164 voix pour, 6 abstentions et une seule voix contre : celle des États-Unis. À l’Assemblée générale des Nations unies, le vote du 4 septembre autour de la résolution baptisée « Correct the Map » a pris une dimension bien plus symbolique qu’une simple question de cartographie.
Porté par le Togo au nom du Groupe africain, le texte encourage l’utilisation de représentations cartographiques davantage respectueuses des superficies réelles des continents. En ligne de mire : la très répandue projection de Mercator, qui tend à exagérer visuellement les territoires situés à proximité des pôles et peut, par comparaison, donner une image réduite de l’Afrique.
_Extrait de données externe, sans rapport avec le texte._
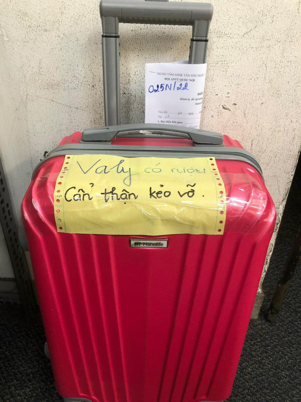 Ngày tiếp nhận: 21/01/2022 Mô tả: 01 vali màu hồng (đã bị bung khóa), bên trong có 03 giỏ quà. Vị trí: An ninh soi chiếu quốc nội |
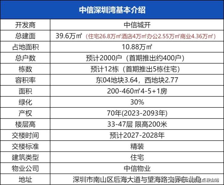 【中信信悦湾】共5栋超高层住宅,提供约400-450套住宅,为纯大户型社区!项目品质高端,三面环海,拥有永久性且近乎无遮挡的海景视野,并临近地标深圳歌剧院。项目规划推出最新面积段,不受7090政策限制

Le contraste est particulièrement frappant lorsqu’on compare l’Afrique au Groenland : le continent africain est environ 14 fois plus vaste, alors que certaines cartes donnent visuellement l’impression d’une différence beaucoup moins importante. Mais derrière les cartes se joue aussi une bataille de représentation.
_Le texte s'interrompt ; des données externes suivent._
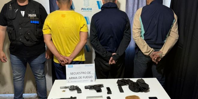 Al llegar al lugar y ver a la Policía, los tres hombres intentaron huir a pie e ingresaron a una vivienda, donde finalmente fueron reducidos y aprehendidos. Durante el rastrillaje en el interior del inmueble, se incautaron tres armas de fuego: una pistola Bersa Thunder Ultra Compact 9mm con numeración suprimida y 15 proyectiles; otra pistola calibre 22 sin número de serie visible, y un revólver marca Doberman calibre 22.
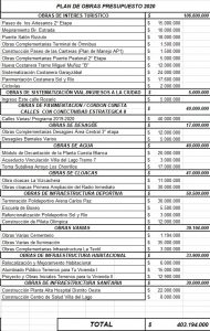 Asi pues nos encontramos con obras como “sistematizacion calle Rosario”, CICLOVIAS, “Paseo de las Canteras”, “ampliacion Rizzuto-puente Rizzuto”, “mejoramiento Bv. Estrada”, en materia de agua: el módulo de decantación de la planta de Cuesta Blanca y la toma subálvea del arroyo Los Chorrillos, entre otras que fueron parte de anteriores presupuestos.
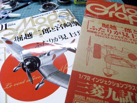 今月のモデグラは、1/72の九試単座戦闘機が付いて、ちょいとお高め。 作成を見る限り、1/72ですがモールドもしっかりしていますので、完成させたいですね。 風たにぬで話題になっているだけあって、今までキット化されていないプラモデルが出るのは良いことですよ〜。 製作方法もしっかりのってますので、これからはじめる方には、マニュアル的な一冊ではないでしょうか〜。 今年の暮れは以前の1/72などを一気に組み立ててみようなかなぁ〜 あと、気になったのがマガジンキットで永遠の0の公開に合わせて永...
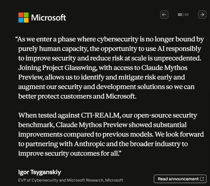 在系统层面,从微软和谷歌的投入表明,网络安全将不再受限于“人力瓶颈”。微软网络安全与微软研究院执行副总裁伊戈尔·齐甘斯基(Igor Tsyganskiy)表示,通过Mythos,微软可以在其庞大的代码库被恶意利用前,预先识别并降低风险。

Pendant des décennies, les cartes utilisées dans les écoles, les médias et les outils numériques ont façonné une certaine perception des rapports de taille entre les continents. Corriger cette perception revient donc, pour les promoteurs du texte, à corriger aussi une forme de biais visuel largement banalisé.
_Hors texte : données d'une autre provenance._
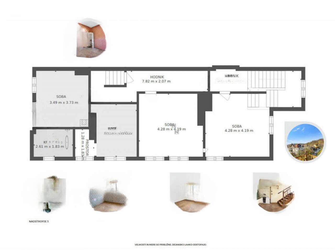 Дом удачно расположен рядом с городским центром, парком Тиволи и районом Рожник, предлагая восхитительный вид на городскую панораму, связывающую Рожна долину с центром Любляны. Все необходимые учреждения и услуги находятся в легкой пешей доступности: почта, банки, школы, детские сады, магазины и булочные. Наличие удобного доступа к автомагистралям и возможности уличной парковки делают эту недвижимость еще более привлекательной.
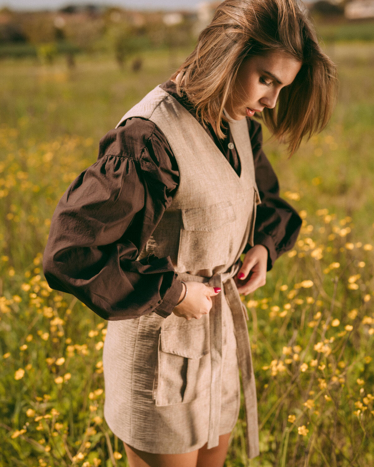 Mini dress smanicato in tessuto effetto lino, dal design essenziale e contemporaneo. Presenta scollo a V, tasche applicate sul davanti e cintura regolabile in vita che valorizza la silhouette. Leggero e versatile, è perfetto per un look casual-chic.
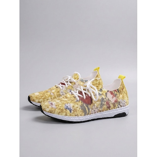 Sneakers da donna in maglia con stampa floreale gialla: scarpe casual leggere e traspiranti con suola antiscivolo ammortizzata, scarpe da passeggio alla moda per viaggi, attività all'aperto e per
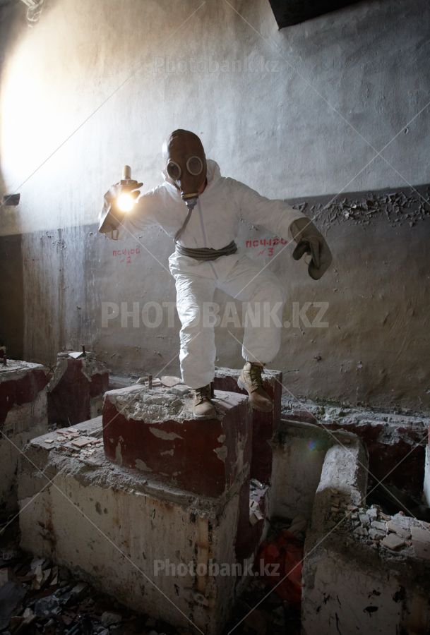 The man in a protective outerwear suit
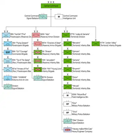 The Central Command (Hebrew: פיקוד מרכז, Pikud Merkaz), often abbreviated to Pakmaz (פקמ"ז), is a regional command of the Israel Defense Forces. It is responsible for the units and brigades located in the West Bank (under the West Bank Division), Jerusalem, the Sharon, Gush Dan, and the Shephelah.

Washington, seul pays à avoir voté contre, a défendu une position radicalement différente, estimant que l’initiative relevait d’un « projet idéologique radical » et risquait de détourner l’ONU de priorités jugées plus urgentes.
Le texte adopté ne bouleverse toutefois pas la géographie mondiale. Il n’interdit aucune projection, ne change aucune frontière et n’impose pas une nouvelle carte officielle. Il s’agit essentiellement d’une recommandation en faveur de représentations plus fidèles des superficies, notamment dans l’éducation, les médias et les outils numériques.
Reste une question : pourquoi une question apparemment technique a-t-elle suscité un vote aussi massif en faveur du texte et une opposition aussi isolée ? Parce qu’au fond, cette bataille ne porte pas uniquement sur la manière de dessiner le monde. Elle interroge aussi la manière dont le monde est regardé.
Et pour l’Afrique, souvent confrontée à des représentations jugées réductrices, remettre ses dimensions en perspective possède une portée symbolique qui dépasse largement les atlas scolaires.